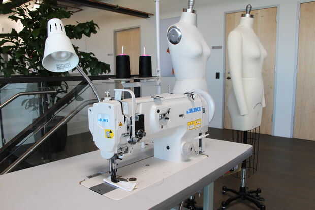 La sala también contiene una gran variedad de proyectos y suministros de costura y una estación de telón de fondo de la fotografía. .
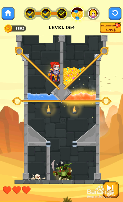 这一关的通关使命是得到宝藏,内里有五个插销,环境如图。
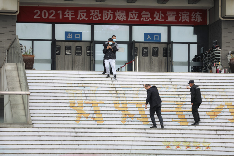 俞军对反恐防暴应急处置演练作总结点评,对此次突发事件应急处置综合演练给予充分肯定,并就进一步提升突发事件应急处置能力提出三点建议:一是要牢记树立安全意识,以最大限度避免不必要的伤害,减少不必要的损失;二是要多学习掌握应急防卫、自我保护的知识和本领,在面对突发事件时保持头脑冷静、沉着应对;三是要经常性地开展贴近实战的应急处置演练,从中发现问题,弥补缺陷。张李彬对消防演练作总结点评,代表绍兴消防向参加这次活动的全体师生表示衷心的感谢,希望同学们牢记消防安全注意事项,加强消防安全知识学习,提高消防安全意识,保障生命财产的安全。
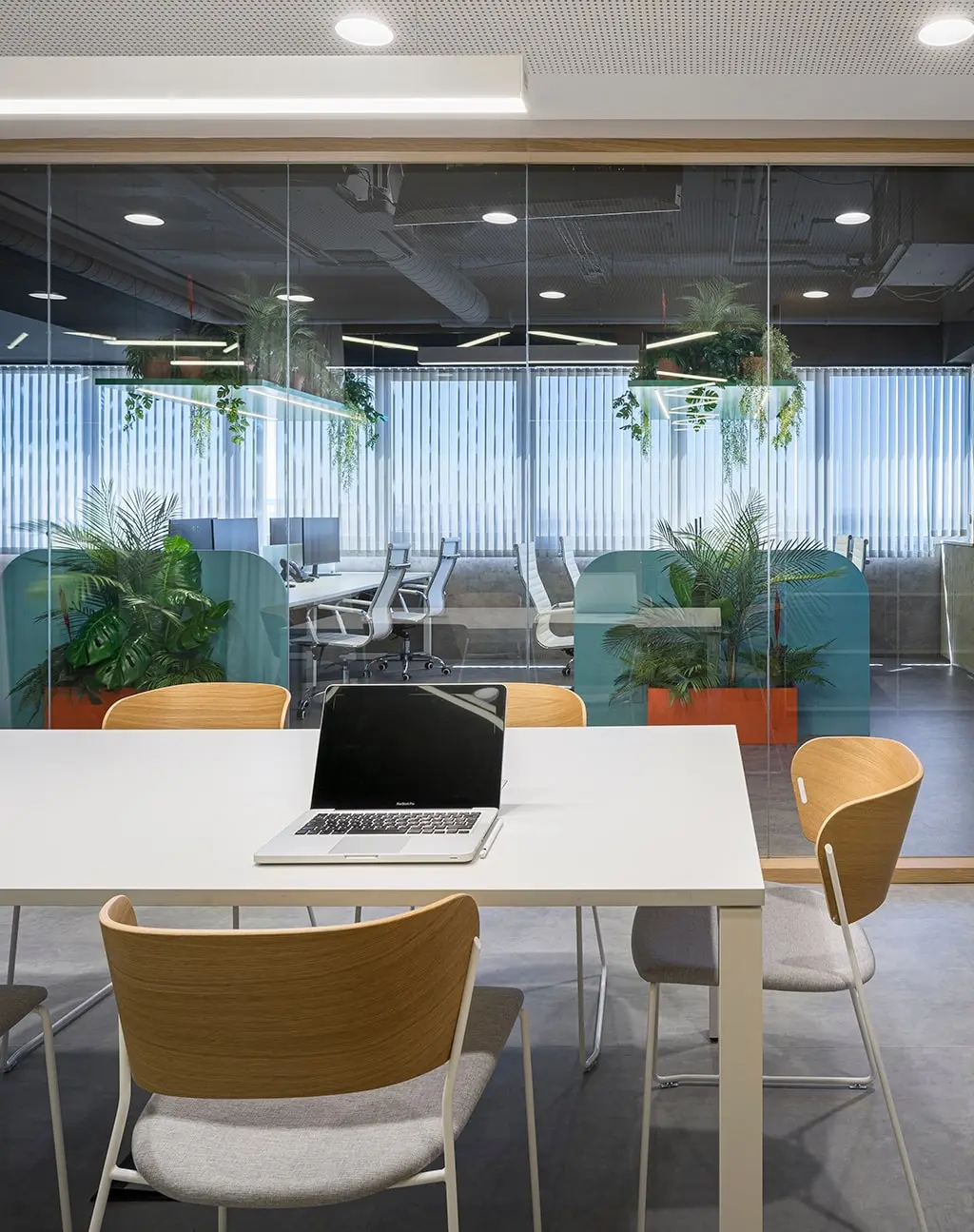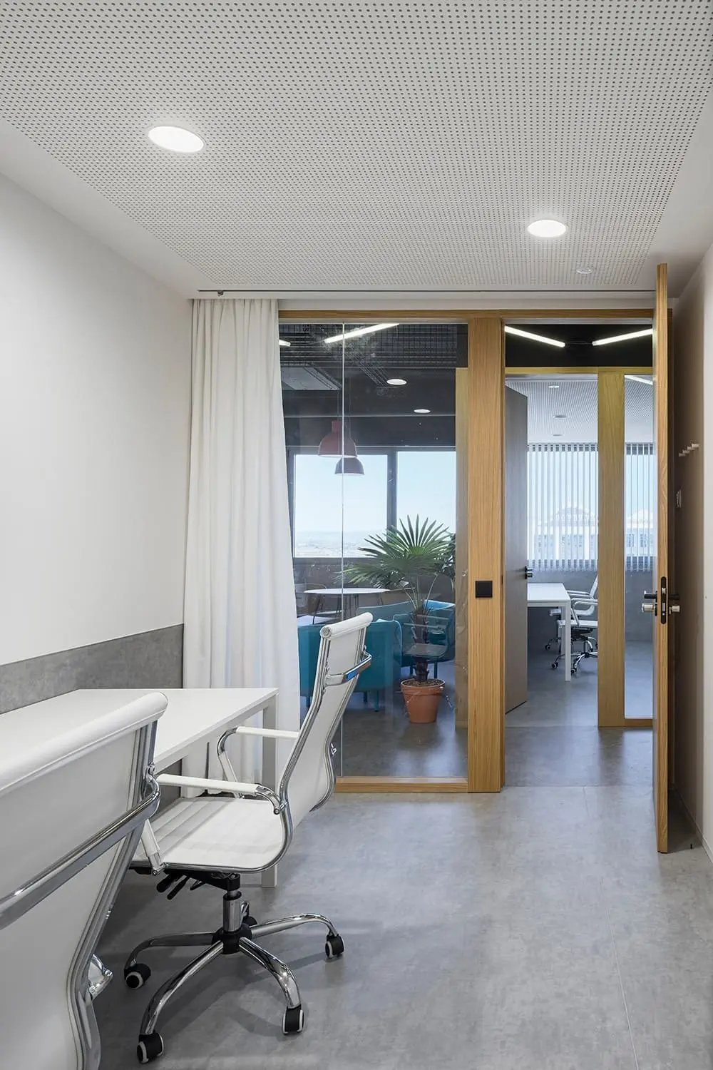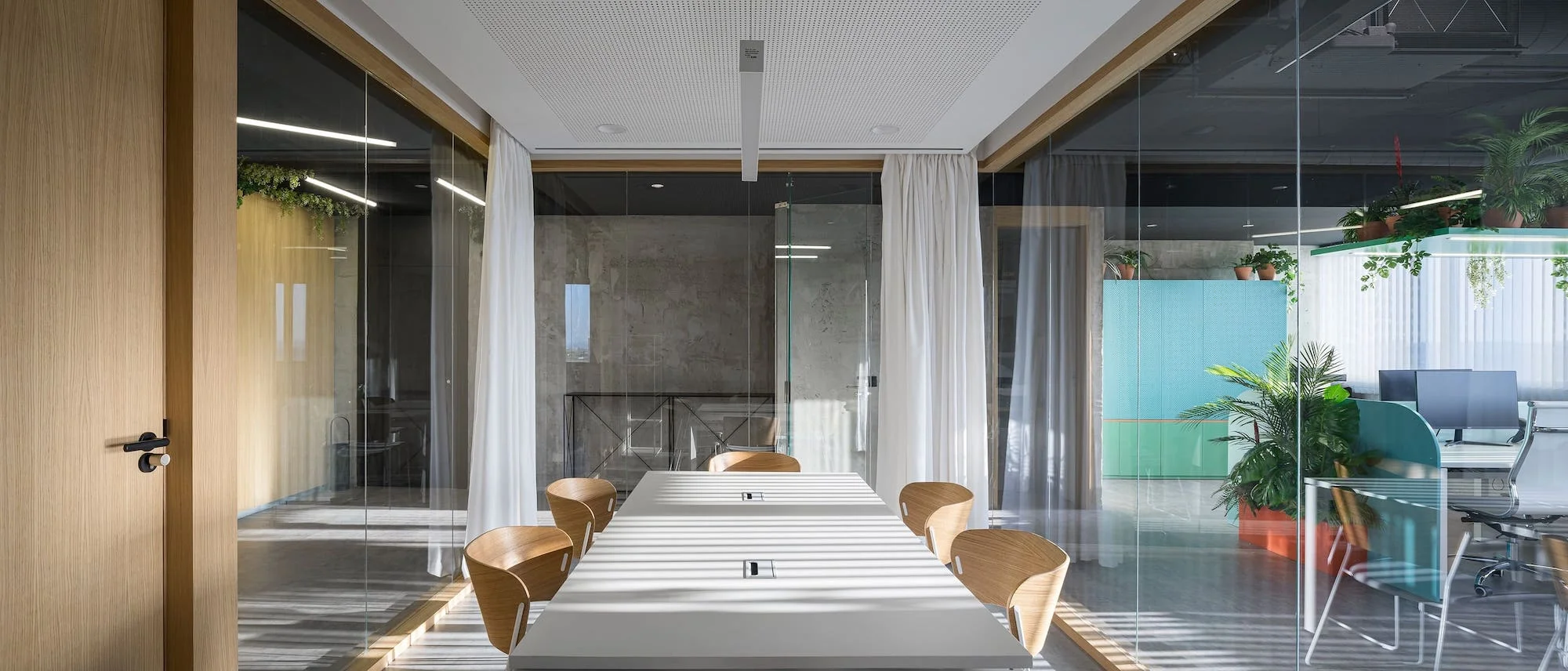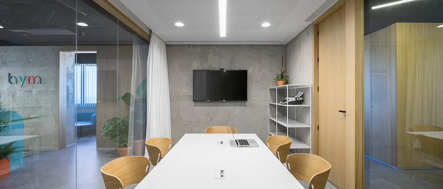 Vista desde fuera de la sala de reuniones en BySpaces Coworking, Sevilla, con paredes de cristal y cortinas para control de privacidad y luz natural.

◆ **AIM OF THE EXERCISE**
Everything in the data above gets copied exactly. Only the pictures are skipped.

◆ **EXERCISE ANSWER**
 La sala también contiene una gran variedad de proyectos y suministros de costura y una estación de telón de fondo de la fotografía. .
 这一关的通关使命是得到宝藏,内里有五个插销,环境如图。
 俞军对反恐防暴应急处置演练作总结点评,对此次突发事件应急处置综合演练给予充分肯定,并就进一步提升突发事件应急处置能力提出三点建议:一是要牢记树立安全意识,以最大限度避免不必要的伤害,减少不必要的损失;二是要多学习掌握应急防卫、自我保护的知识和本领,在面对突发事件时保持头脑冷静、沉着应对;三是要经常性地开展贴近实战的应急处置演练,从中发现问题,弥补缺陷。张李彬对消防演练作总结点评,代表绍兴消防向参加这次活动的全体师生表示衷心的感谢,希望同学们牢记消防安全注意事项,加强消防安全知识学习,提高消防安全意识,保障生命财产的安全。
 Vista desde fuera de la sala de reuniones en BySpaces Coworking, Sevilla, con paredes de cristal y cortinas para control de privacidad y luz natural.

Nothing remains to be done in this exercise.